Christopher and Columbus eBook

This eBook from the Gutenberg Project consists of approximately 448 pages of information about Christopher and Columbus.

Christopher and Columbus eBook

This eBook from the Gutenberg Project consists of approximately 448 pages of information about Christopher and Columbus.

Mr. Twist took them with him when he went down to the station to meet the Los Angeles train.  It was dark at six, and the workmen had gone home by then, but the experts still seemed to be busy.  He had been astonished at the amount the twins had accomplished in his absence in the town till they explained to him how very active the experts had been, whereupon he said, “Now isn’t that nice,” and briefly informed them they would go with him to the station.
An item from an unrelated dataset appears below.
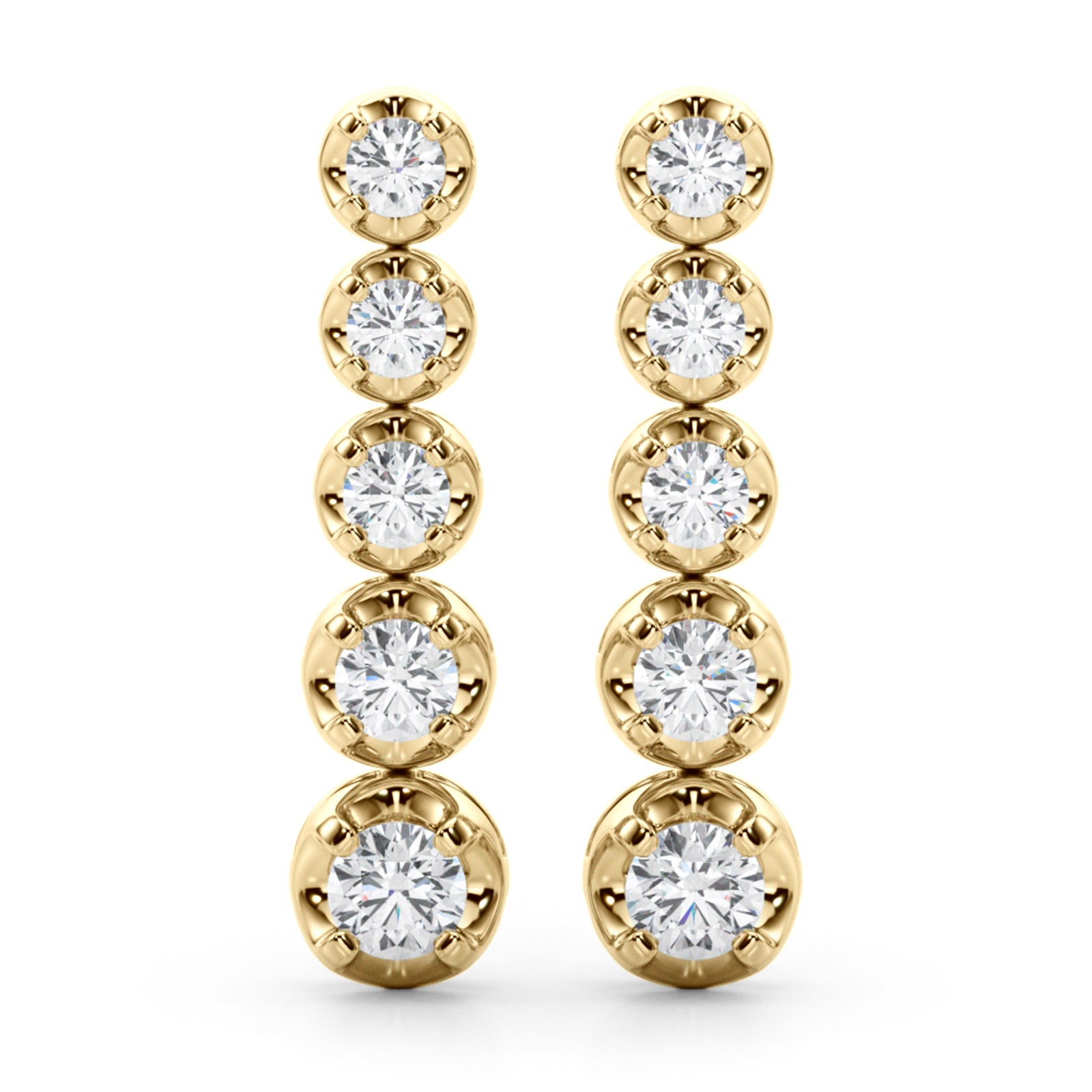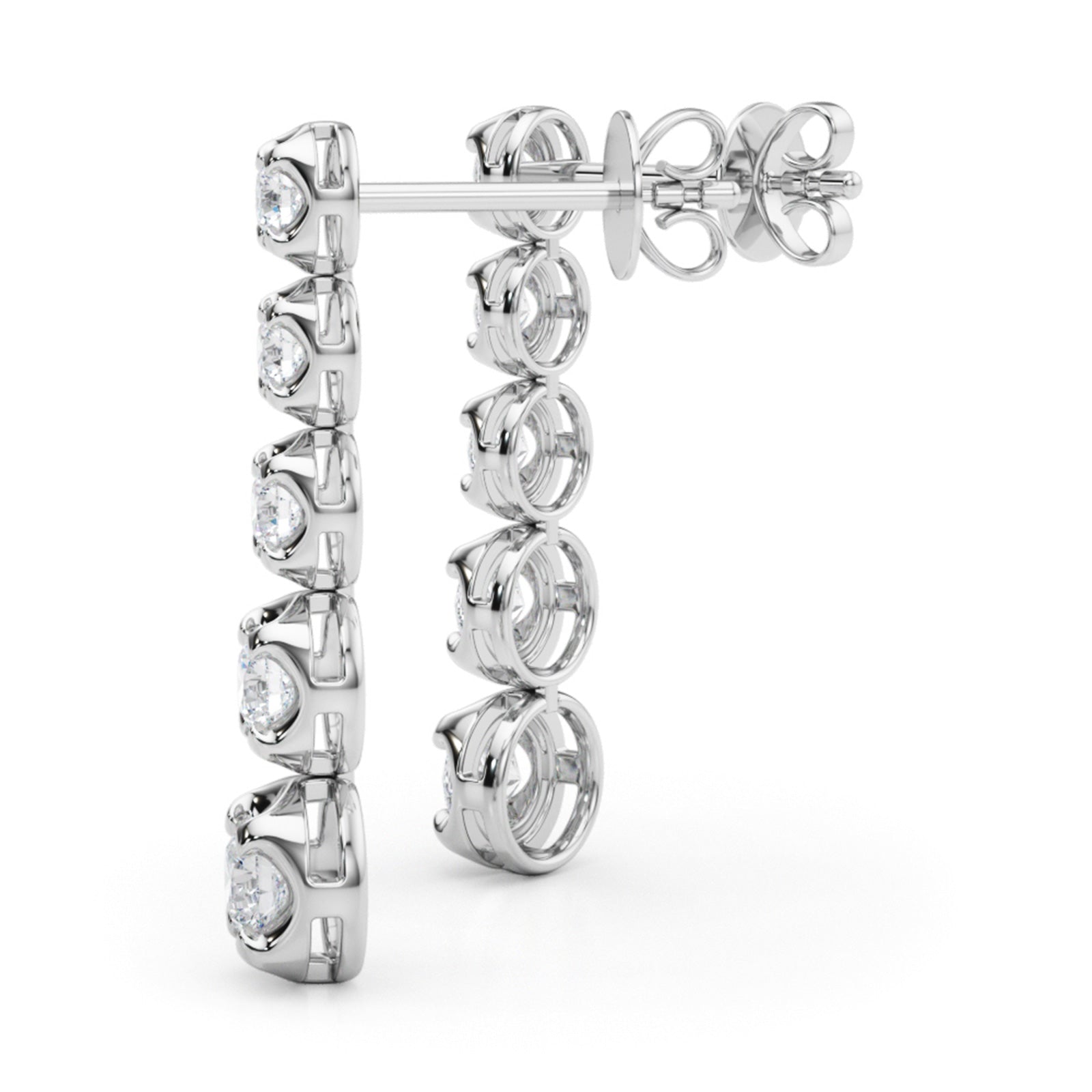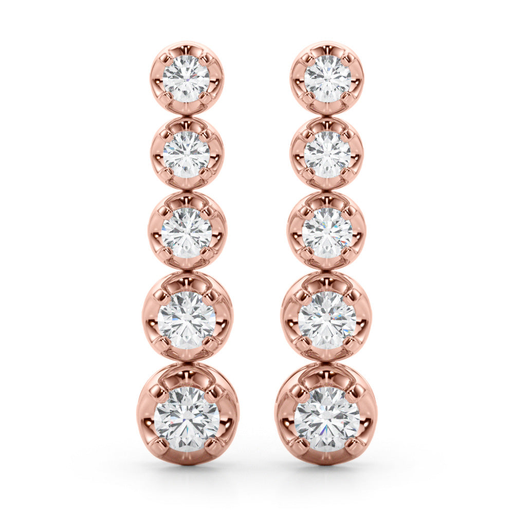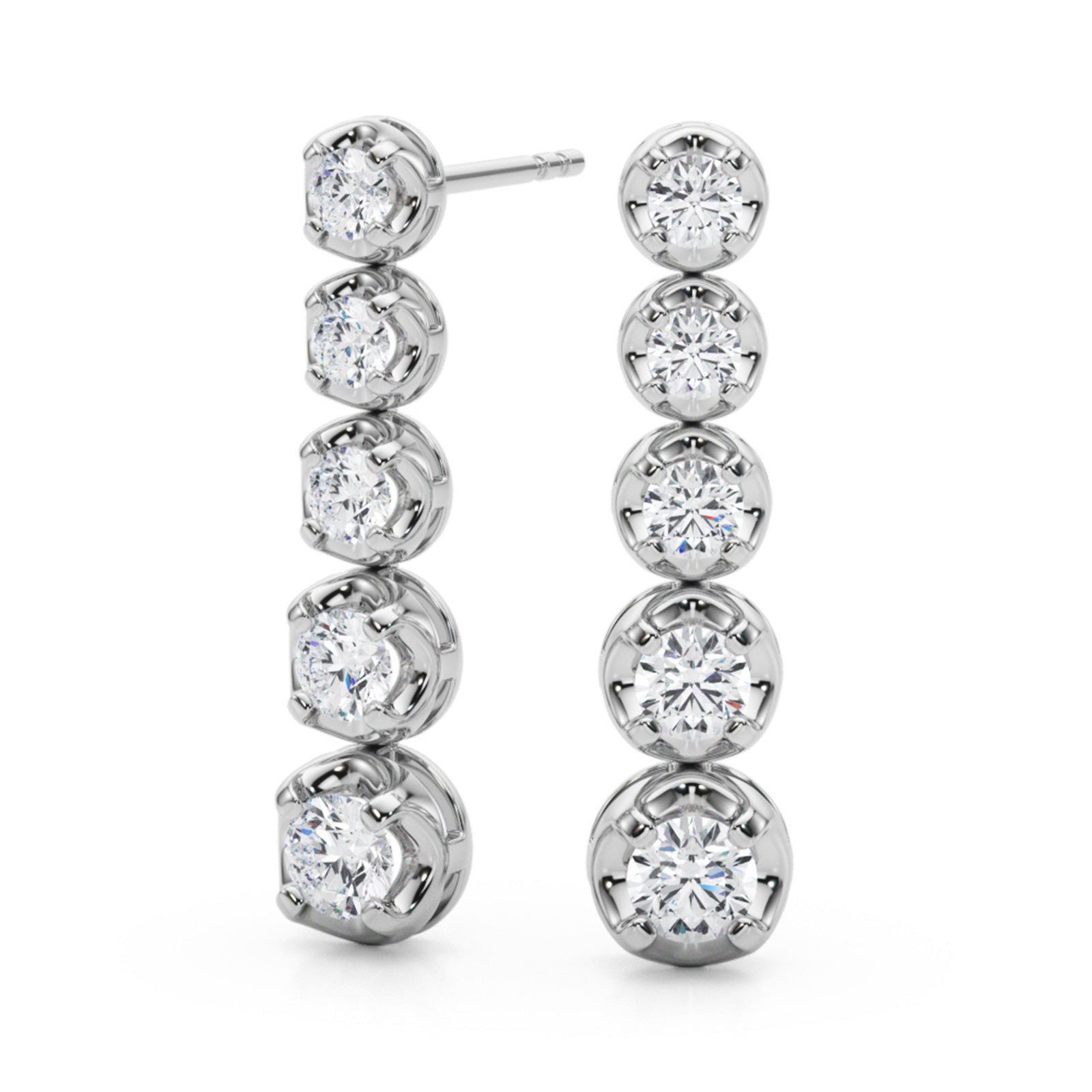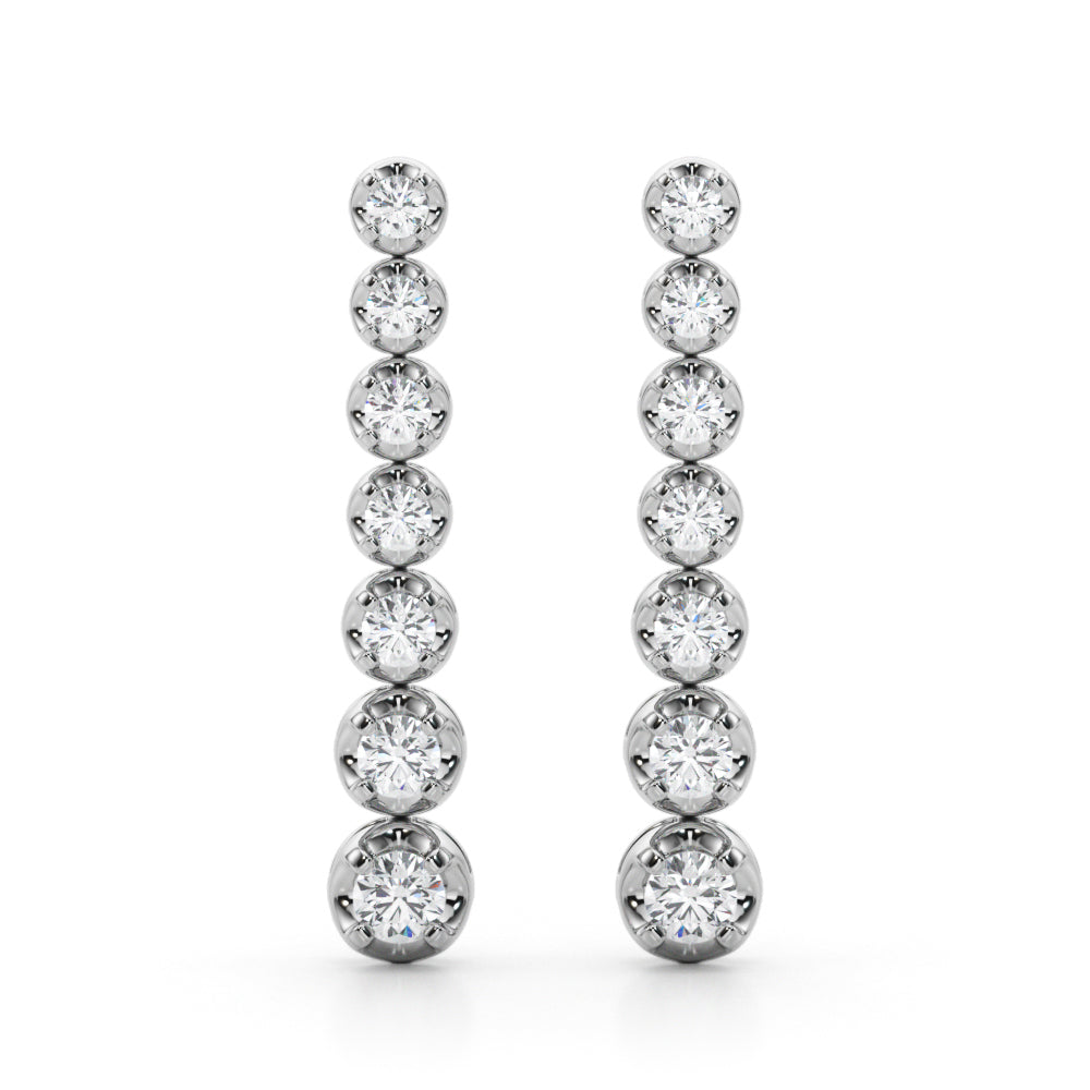 Choose 0.42 CT with 5 diamonds or 0.70 CT with 7 diamonds per earring for subtle elegance or enhanced length and sparkle.

“That’s waste of time,” said Anna-Felicitas.  “We could be giving finishing touches if we stayed here.”

“You will come with me to the station,” said Mr. Twist.

Mrs. Bilton arrived in a thick cloud of conversation.  She supposed she was going to the Cosmopolitan Hotel, as indeed she originally was, and all the way back in the taxi Mr. Twist was trying to tell her she wasn’t; but Mrs. Bilton had so much to say about her journey, and her last days among her friends, and all the pleasant new acquaintances she had made on the train, and her speech was so very close-knit, that he felt he was like a rabbit on the wrong side of a thick-set hedge running desperately up and down searching for a gap to get through.  It was nothing short of amazing how Mrs. Bilton talked; positively, there wasn’t at any moment the smallest pause in the flow.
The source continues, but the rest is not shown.